This was a title set for a writers’ group exercise. It may inspire many stories or aspects of stories over time, but my immediate response to it was quite literal – what is the cost of writing?
:
The Cost
Maybe it’s the business academic in me. I can’t see this title without seeing numbers dancing around in costing sheets and value maps. Even in business-to-business sales and marketing, which is my specialty, if you can’t talk about costs competently, don’t even bother to open your mouth. The sales professional has to understand the customer’s cost base in some detail in order to craft a proposal to them. And the best costing language for explaining the value of a new product or service, which will inevitably cause some change in the customer’s operations, is activity-based costing.
What is it?

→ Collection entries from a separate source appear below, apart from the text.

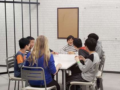 ニューヨークで記念撮影の後、ポリスステーション体験です。インストラクターととても仲良くコミュニケーションをとっているのが、外まで聞こえてきました。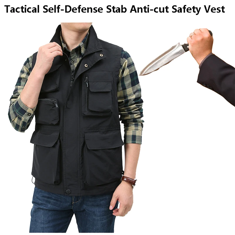 Hombres seguridad al aire libre anti-corte anti-puñalada chaleco multi-Bolsillo táctico autodefensa flexible Plus tamaño anti-Hacking secado rápido transpirable ropa protectora resistente al desgaste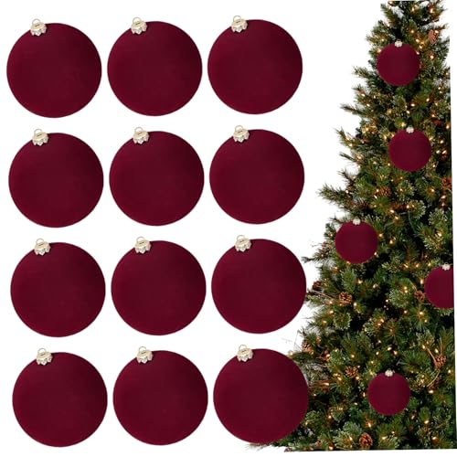 Sammet julprydnader 12 st flockande julgranskulor okrossbara julprydnader hängande julprydnader för bröllop, julgranar (vinröd), julbollar prydnader 2,4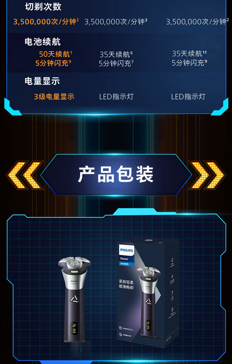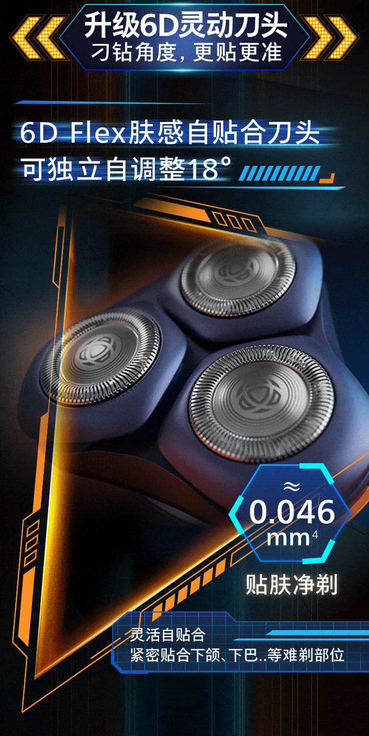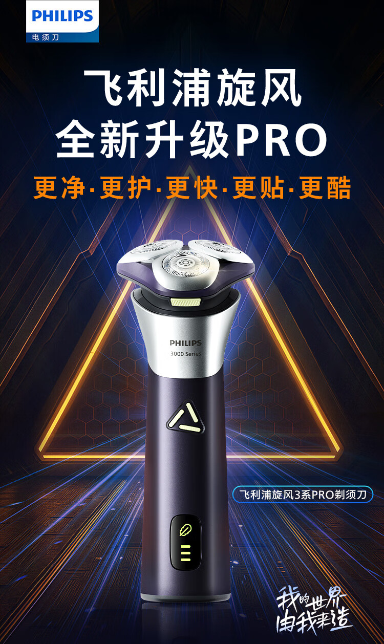 飞利浦(PHILIPS)S3885 电动剃须刀 旋风3系PRO刮胡刀 风驰切剃6D浮动刀头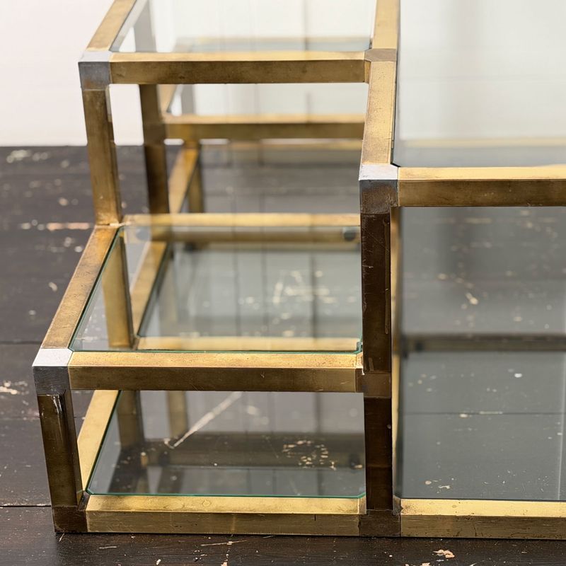 A substantial brass-plated coffee table with small nickel accents. With two tiers and 14 glass shelves set at various levels. The central, larger glass section with a matching lower shelf.

Well, it does what it says it does. It tracks activity generated or saved when something happens. I’m tempted to say so much about why activity-based costing is cool, but I suspect that you wouldn’t thank me for it. So, let’s just apply this title “the cost” in an ABC way to this activity “creative writing”. In fact, I have decided to apply it to my novel, just to depress myself.
There are a lot of direct costs associated with publishing a book which are easy to track. I have paid for courses, developmental editing, other forms of editing and production. The marketing costs are yet to come. But by far the biggest activity associated with the production of a book is the author’s time. Even if I just paid myself the minimum wage, the cost of my thinking, taking notes, writing, re-writing, editing again and again, would dwarf the visible cost of creating the book. And the minimum wage is not commensurate with the emotional effort, which reminded me of doing my PhD. The saying “1% inspiration, 99% perspiration” seems appropriate.

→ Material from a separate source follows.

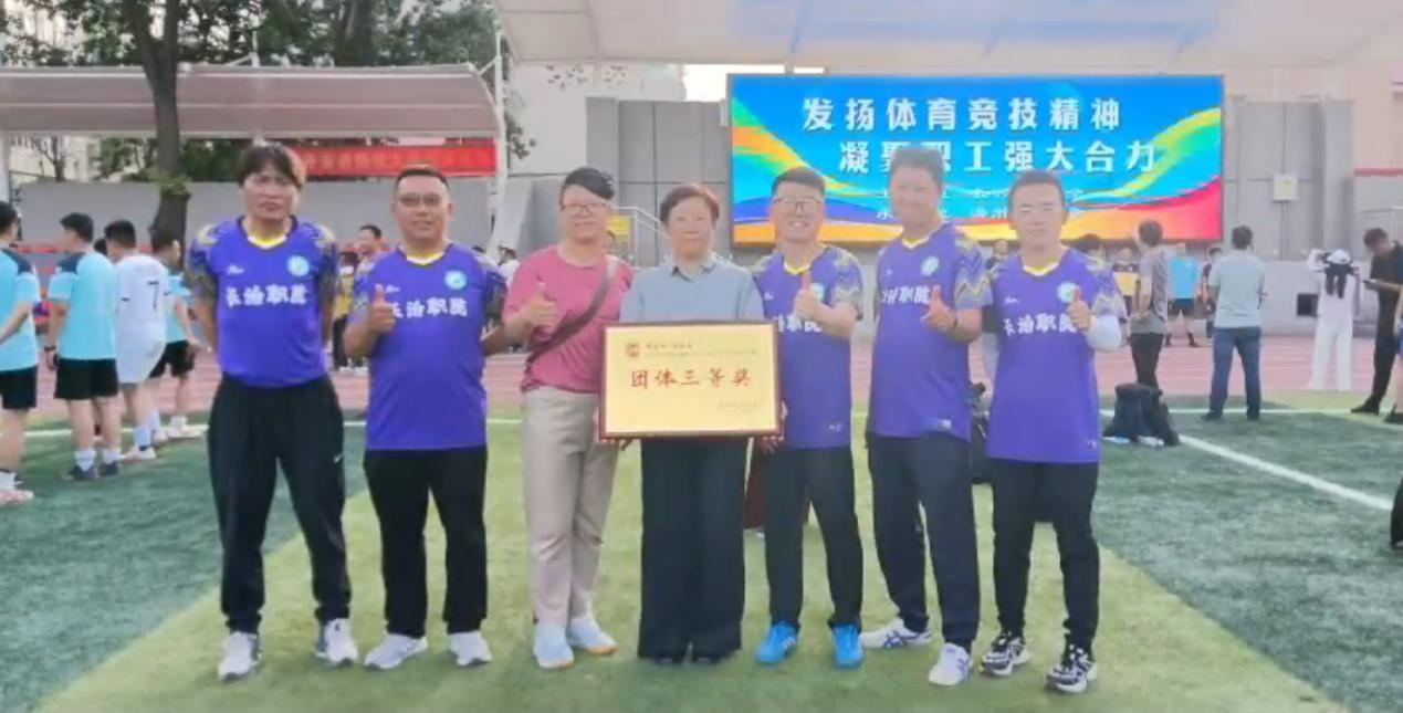 在刚刚落幕的2025年全市职工五人制足球赛中,我院教职工足球队团结一心、奋勇拼搏,从26支市直参赛队伍中脱颖而出,获得市直组第五名!我院是全市所有参赛学校中唯一挺进前八强的单位,充分展现了我院教职工昂扬向上的精神风貌和顽强拼搏的体育风采!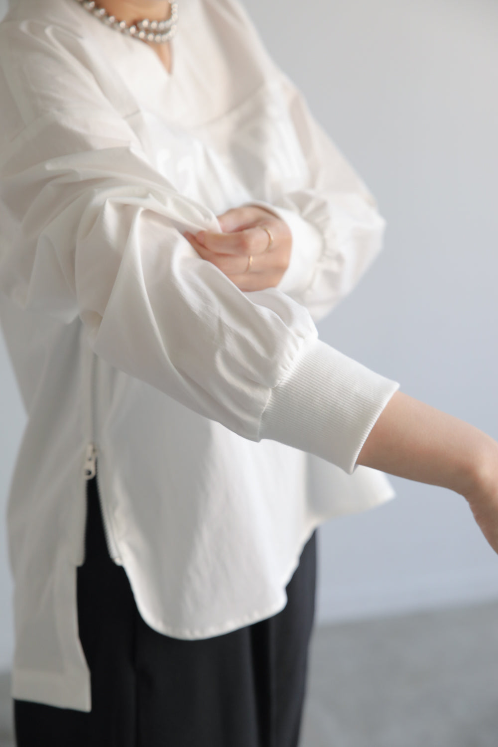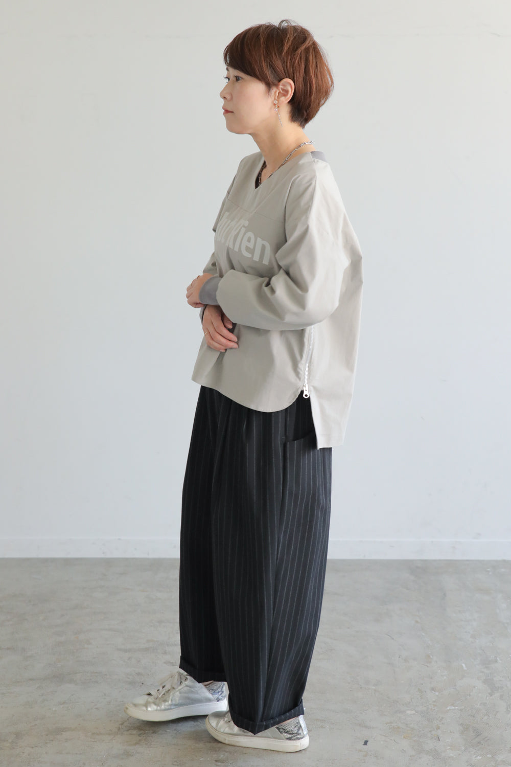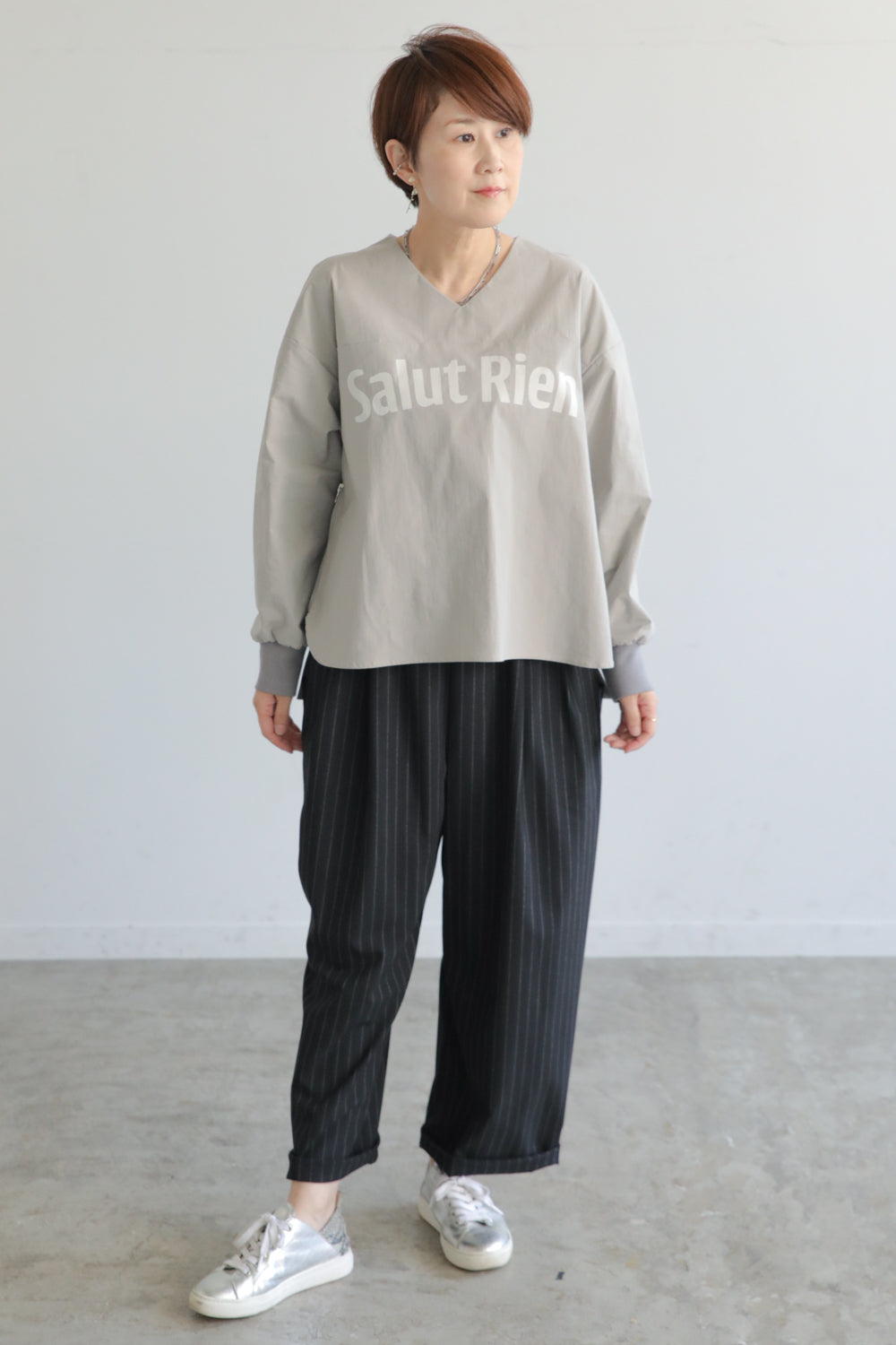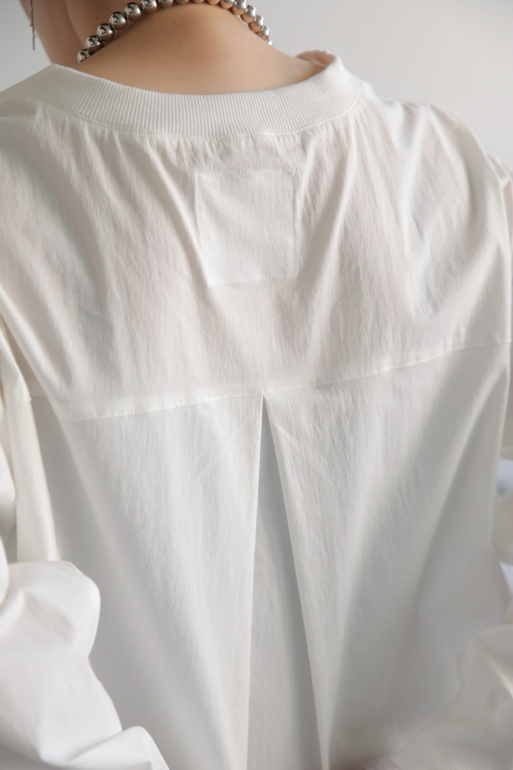 シャツ地のハリ感×控えめロゴで“大人カジュアル”がきちんと決まるプルオーバー。コットンナイロンのさらりとしたタッチにストレッチをひとさじ、動きやすさも◎。前後差ヘムと浅めVネックで顔まわり・体のラインをすっきり見せます。

Of course, some things in life defy costing. Cost does not equate to value. I can’t quantify the value for me that I’m sharing ideas with the world, to provoke and entertain. Well, I think that I am. The audience for my novel may be less that the audience for my textbooks, where I was one of a few people in the country who had the relevant knowledge to share. With my novel, I am one of many thousands of people with the capability to write a long work of fiction. We all have the right to tell our story, and the reading public have a right to choose what they buy. Very few novelists see any return on the costs of creating their work. Like cosmetic manufacturers, the creative writing industry only sells hope of self-esteem. So why do we all do it?

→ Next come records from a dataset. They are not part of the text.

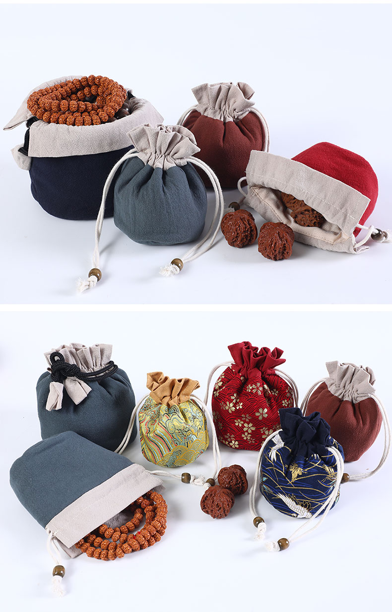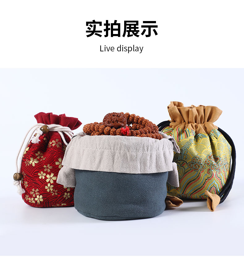 淘古风棉麻口袋礼品袋抽绳袋文玩收纳袋荷花袋锦囊香包束口袋盘珠袋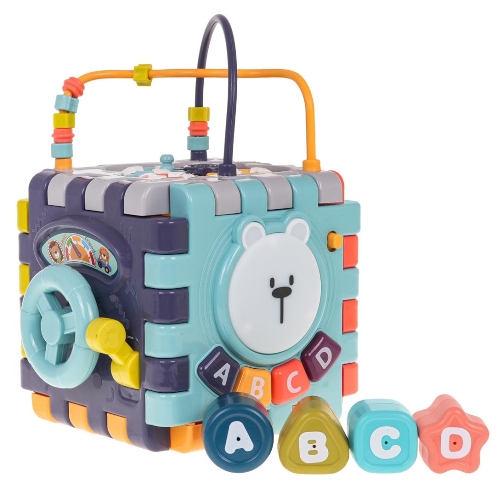 - ścianka z przekładaną książeczką i pałąkiem z ruchomymi elementami - ścianka z telewizorem i suwakiem - górna ścianka z kołami zębatymi i przekładankami Funkcje zestawu: - przeznaczona dla dzieci od 18-go miesiąca życia, - wykonana z najlepszej jakości plastiku w żywych kolorach, - boks złożony z 6 ścian, puzzli, - możliwość spinania w dowolnym układzie puzzli, - ścianka interaktywna z efektem światła (podświetlana głowa misia) i dźwięku (klawisze z numerkami i miś), - ruchome elementy: kierownica, dźwignia zmiany biegów, suwak, koła zębate, przekładane strony książki, - sorter kształtów z klockami, - klocki z grzechotką w środku. |
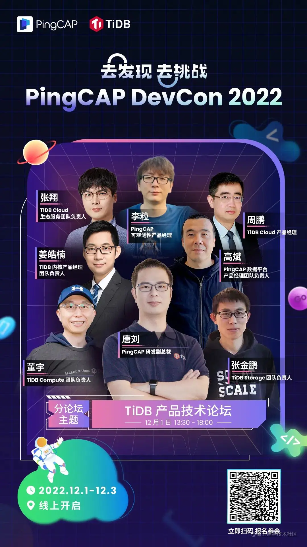 12 月 1 日 PingCAP DevCon 2022 产品技术论坛,聚焦数据技术前沿趋势与应用,PingCAP 产研“最佳阵容”将重点围绕 Serverless、TiDB 新特性、性能调优、稳定性设计、技术生态、应用场景等领域展开分享和探讨, 帮助您快速了解 TiDB 的硬核技术与最新发展方向,助您提升业务场景的服务与创新能力。

It is a very human thing to tell stories. The urge to create them and listen to them has been with us from the very beginning of our species. If a story forms in us, from an embellished anecdote about a bad online shopping experience to a saga of swords and magic, we are driven to share it. The cost exists, but it means nothing compared to the joy of creating, expressing and sharing. Should we do it? Bill Bryson says there are too many nobodies like me using the facilities created by modern technology to put my scribblings in the public domain. But then, he is part of the literary establishment. I have learnt, over the past few years, that the publishing industry has its own sub-culture. It is a bubble that does not necessarily know, or want to serve, every audience. Would a future historian recognise every aspect of our culture from the bestsellers? They won’t want ghost-written celebrity memoirs, they will want the authentic memoirs written for grandchildren. They won’t want predictable genre novels, they will want the quirky one-offs. So, I encourage everyone to get their stuff out there. Get help, by all means, but get it out there. Yes, the time-commitment is daunting. Yes, there are direct costs. But what cost to our freedom of expression and readers’ freedom of choice if we do not?